The Memory of Animals by Claire Fuller

What booksellers are saying about The Memory of Animals

  • An eerie, strangely satisfying pandemic story. A study in human behavior and interaction that Fuller weaves into a compelling story with surprising twists. An engrossing read with rich characters and drama.
      ― Jamie Fiocco from Flyleaf Books in Chapel Hill, NC | Buy from Flyleaf Books

  • Undoubtedly, COVID-19 inspired a whole host of dystopian pandemic novels—but none like this.

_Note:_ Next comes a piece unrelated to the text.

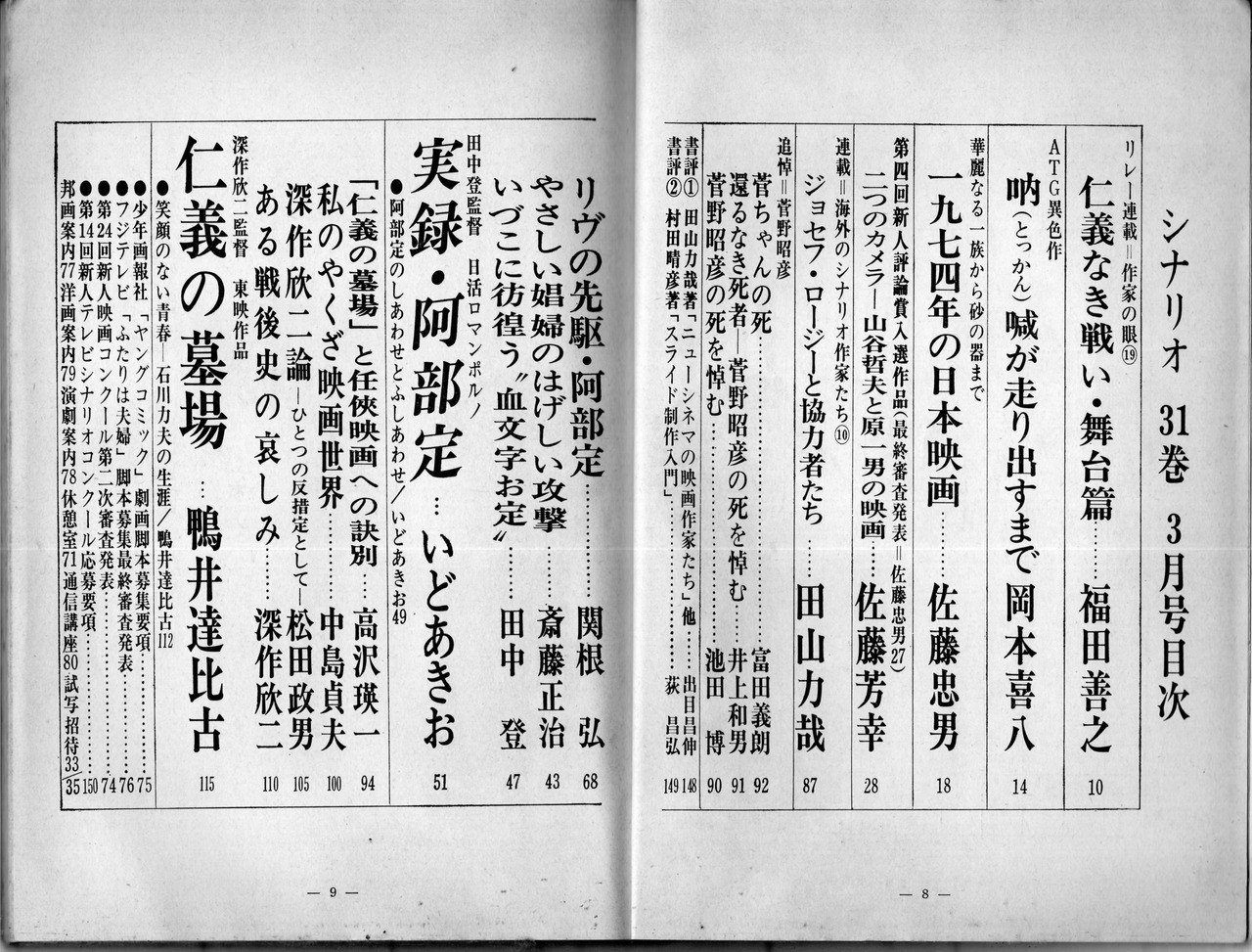 雑誌シナリオ1975年3月号(仁義の墓場、実録・阿部定)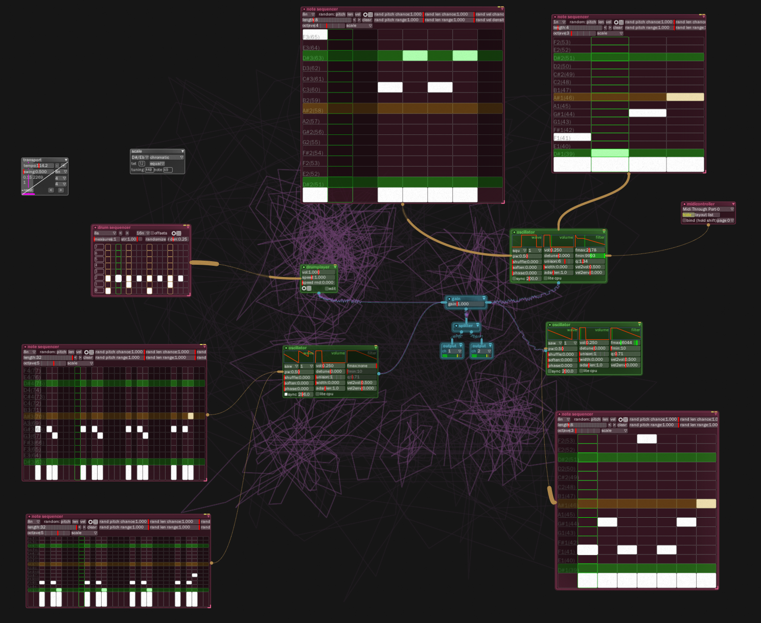 Today I took a short look at Bespoke Synth, a free OpenSource synthesizer. It is a module-based synth and lets you connect them to each other to generate… music! I’ve seen some people do really cool things with this thing, especially in the directon of generative sound design. I, on the other hand, didn’t leave my comfort zone that far. I started out by putting the thing into “chromatic” mode, popped up some note sequencers and started writing down notes. It was still a lot of fun and Bespoke’s looping capabilities are really nice. This is how the thing looked in the end:

Neffy, a 27-year-old marine biologist, finds herself volunteering for an experimental vaccine trial that was previously never tested on humans. While in-clinic, she writes letters to her octopus muse amid her frightening, disorienting experience in captivity. Imagine The Soul of an Octopus meets How High We Go in the Dark.
      ― Sydney Bozeman from Parnassus Books in Nashville, TN | Buy from Parnassus Books

  • Neffy is a disgraced marine biologist obsessed with octopuses since childhood. She and four other people are trapped on an upper floor of a hospital in London as a mysterious plague causing memory loss, sensory damage, and death sweeps the world. They are volunteers in an experimental vaccine trial, but all the hospital staff have disappeared leaving them alone with with an air conditioning system broken at the coldest setting, little food, and each other. All are there escaping or searching for something. What would you do to protect yourself and those you love, especially when there is almost nothing left?   
      ― Kelly Justice from Fountain Books in Richmond, VA | Buy from Fountain Bookstore

About Claire Fuller

Claire Fuller is the author of Our Endless Numbered Days, which won the Desmond Elliott Prize; Swimming Lessons; Bitter Orange; and Unsettled Ground, which won the Costa Novel Award and was a finalist for the Women’s Prize for Fiction. She has an MA in Creative and Critical Writing from the University of Winchester and lives in Hampshire with her husband.